CODEWITHSUNDEEP
javadata-structureslinked-listtime-complexityreverse
mango
mango

Reputation: 13

Reversing a LinkedList

So I need to reverse a Linked List in O(N) time/space.

This implementation is what I came up with using only the LinkedList class in the Java standard library (which doesn't give me access to the nodes themselves).

Upvotes: 1

Views: 388

Answers (4)

Levent Divilioglu
Levent Divilioglu

Reputation: 11622

You should always check apache commons, they have better and more flexible implementations for the linkedlist and collections in general;

https://commons.apache.org

And secondly, it would be more easy for you to use a doubly linked list if you want to reverse a list.

Upvotes: 0

Ray Toal
Ray Toal

Reputation: 88488

The "better way" you ask of can exploit the fact that the Java LinkedList class has methods

  • addFirst
  • addLast
  • removeFirst
  • removeLast

Each of these are O(1).

You can get O(n) time and space behavior in a few ways here. One such way is:

LinkedList<E> b = new LinkedList<E>();
while (!a.isEmpty()) {
    b.addFirst(a.removeFirst());
}
a.addAll(b);

This does the reversal "in place" (that is, the variable a references the exact same object at all times). It is equivalent to using a stack as temporary storage (b is the "stack").

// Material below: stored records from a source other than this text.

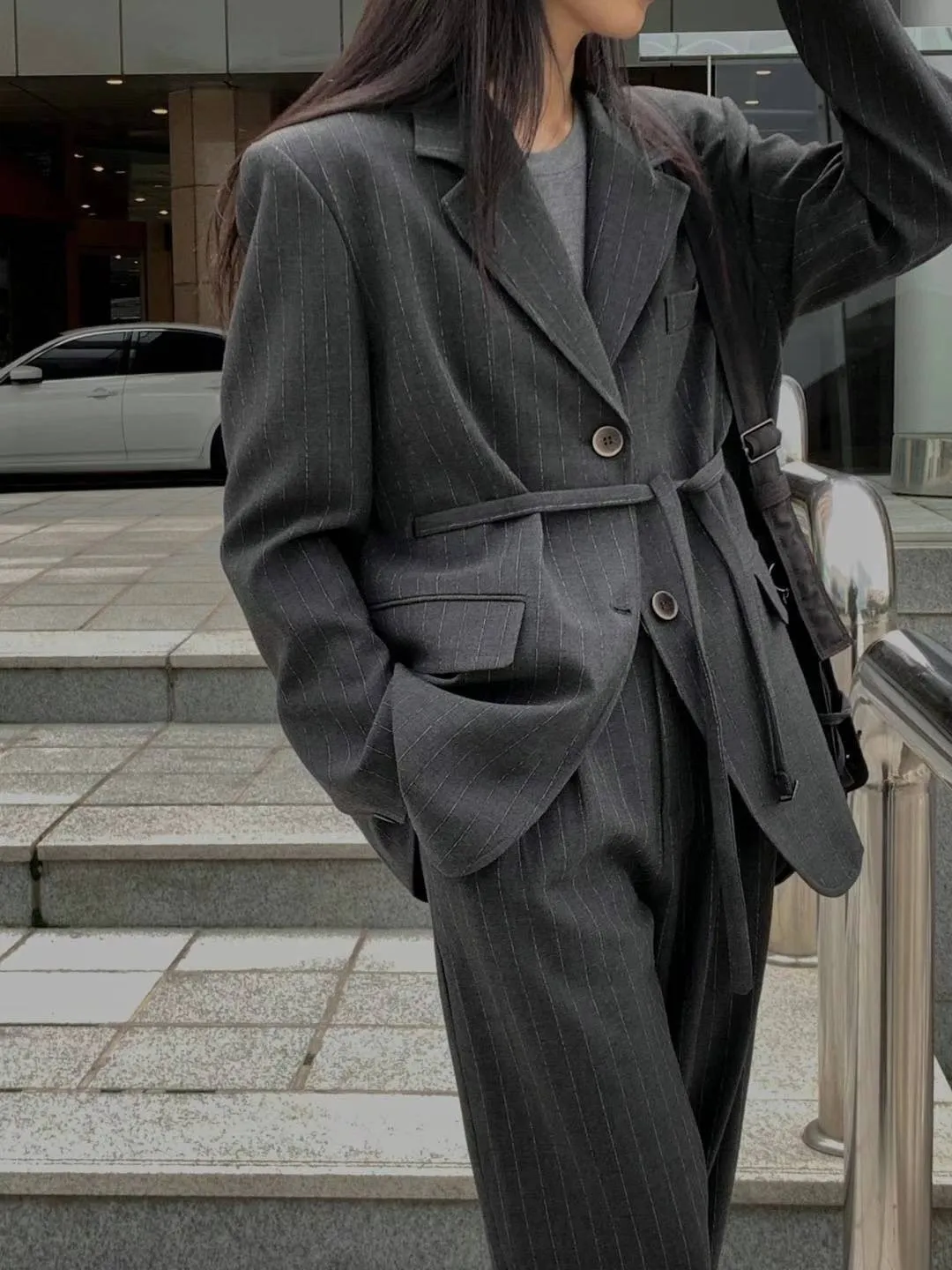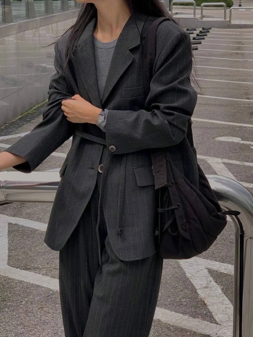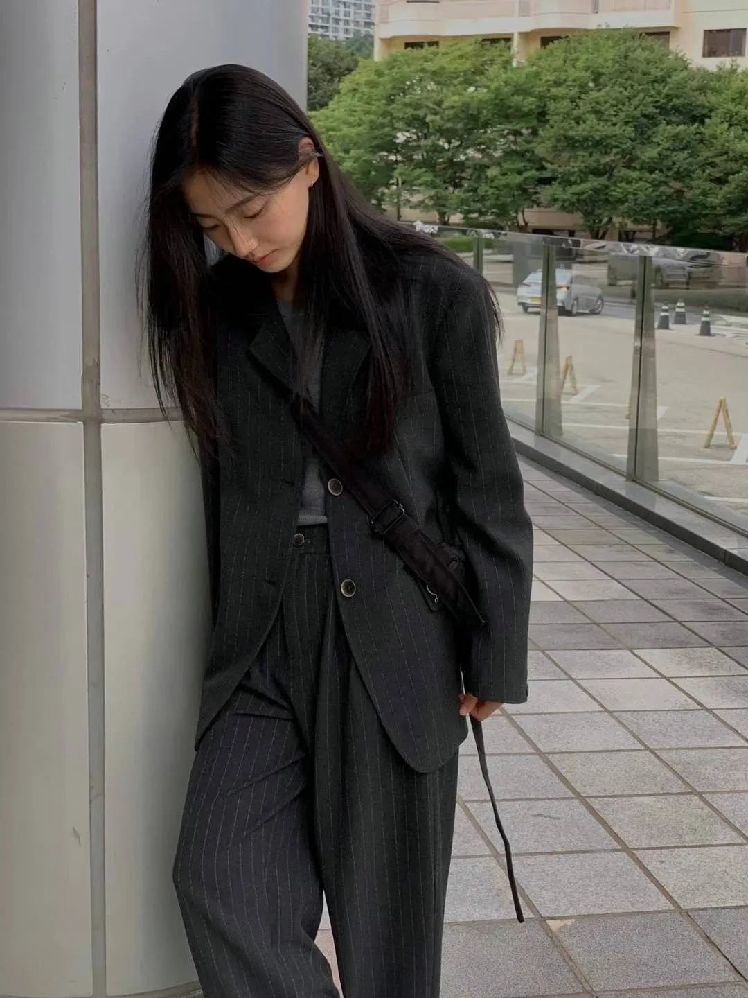 FA047套裝的直條紋西裝外套 S M 官網價$1850 線上價$1820
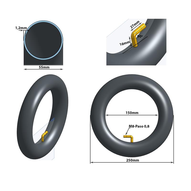 10 x 2.125 sisärengas sähköpotkulautaan 0/90 venttiili
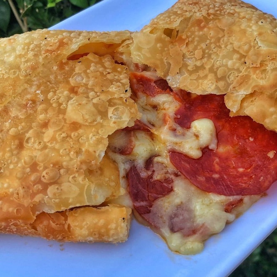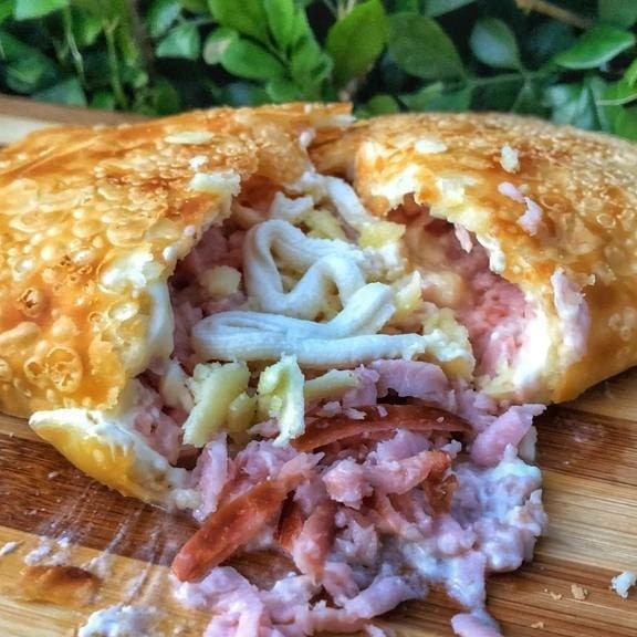 Pastel de pepperoni em rodelas e queijo mussarela.
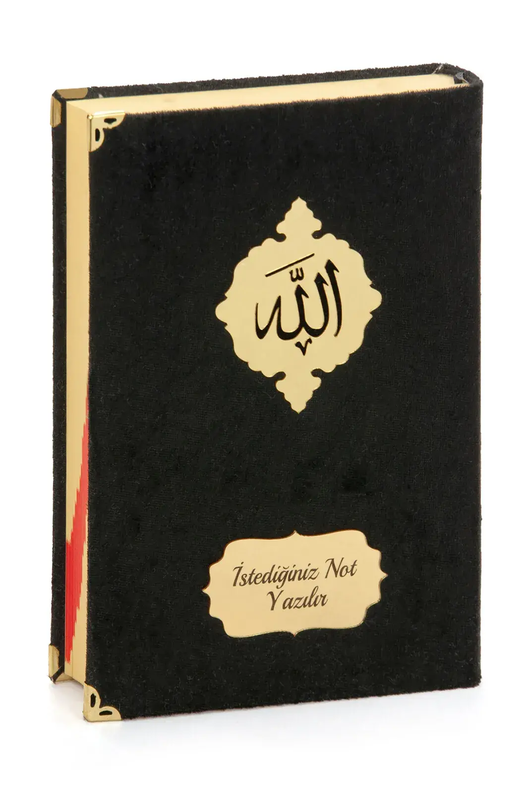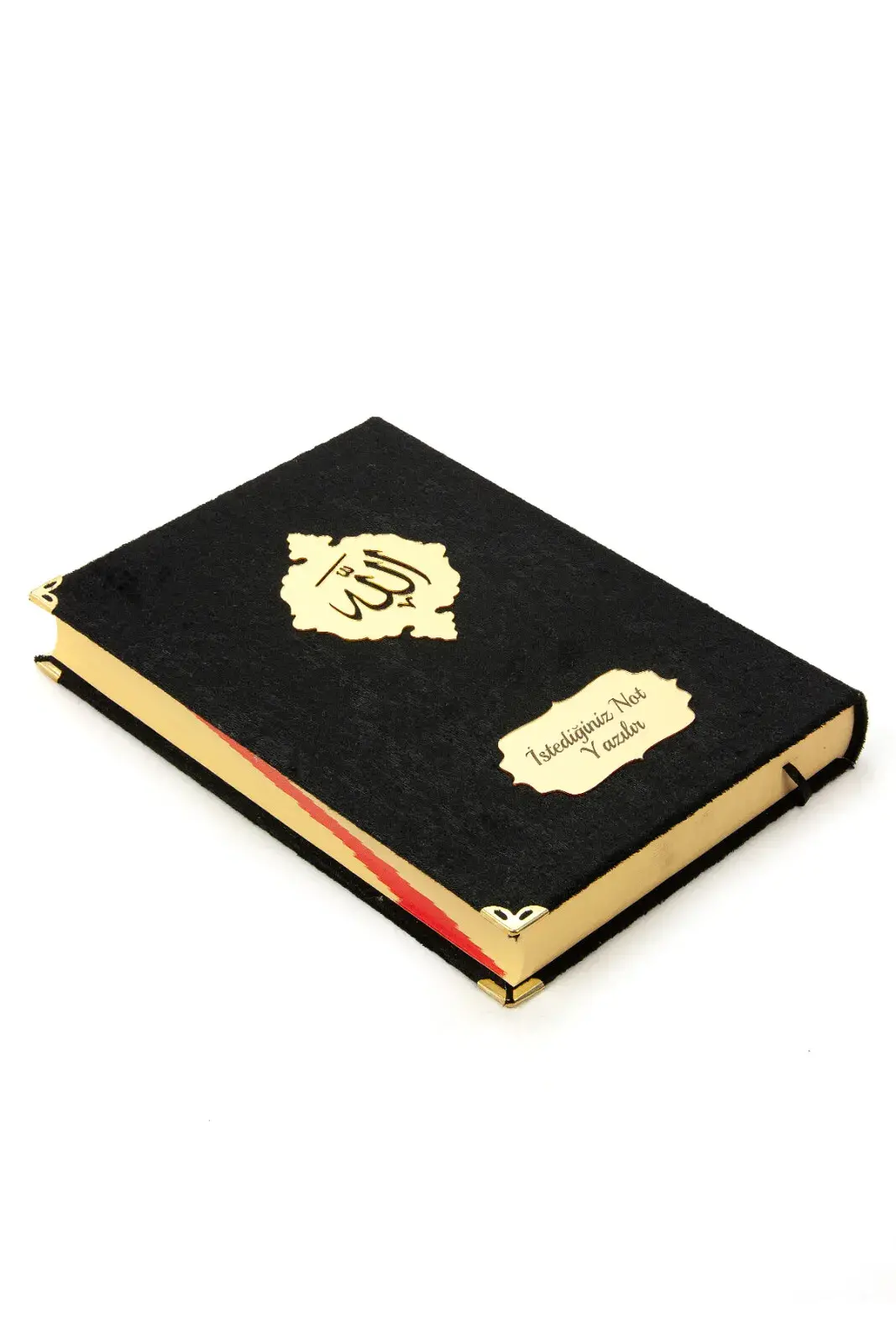Hediyelik Türkçe Mealli İsme Özel Orta Boy Kadife Kaplı Kuranı Kerim Siyah
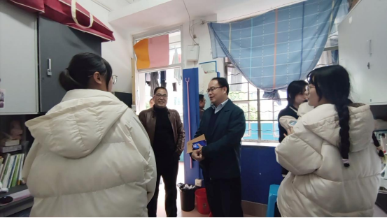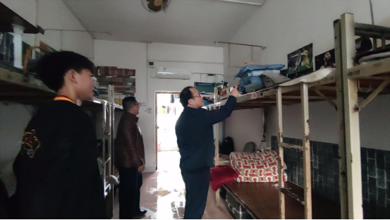 座谈会后,黄强书记还实地到班级宿舍走访。每到一个宿舍,黄强书记都会详细地询问同学们的学习及生活情况,叮嘱同学们注意身体,时刻也不忘要加强疫情安全防范,在宿舍也要积极消毒通风,保持良好的卫生状况。针对学生提出有关宿舍维修、热水供应等问题,黄强书记表示会和学校党委反馈,进行研究,尽早解决。同时,还鼓励同学们认真复习,为即将到来的期末考试做好准备。

It is O(n) time and O(n) space, despite the ugly copying.

Upvotes: 4

user545680
user545680

Reputation:

The Java API has a method for this that completes in O(n): Collections.reverse(List<?> list). Assuming this is homework you should implement this yourself, but in real life you would use the library function.

Alternatively, you can create a reverse decorator which makes the reversal O(1). An example of the concept is below.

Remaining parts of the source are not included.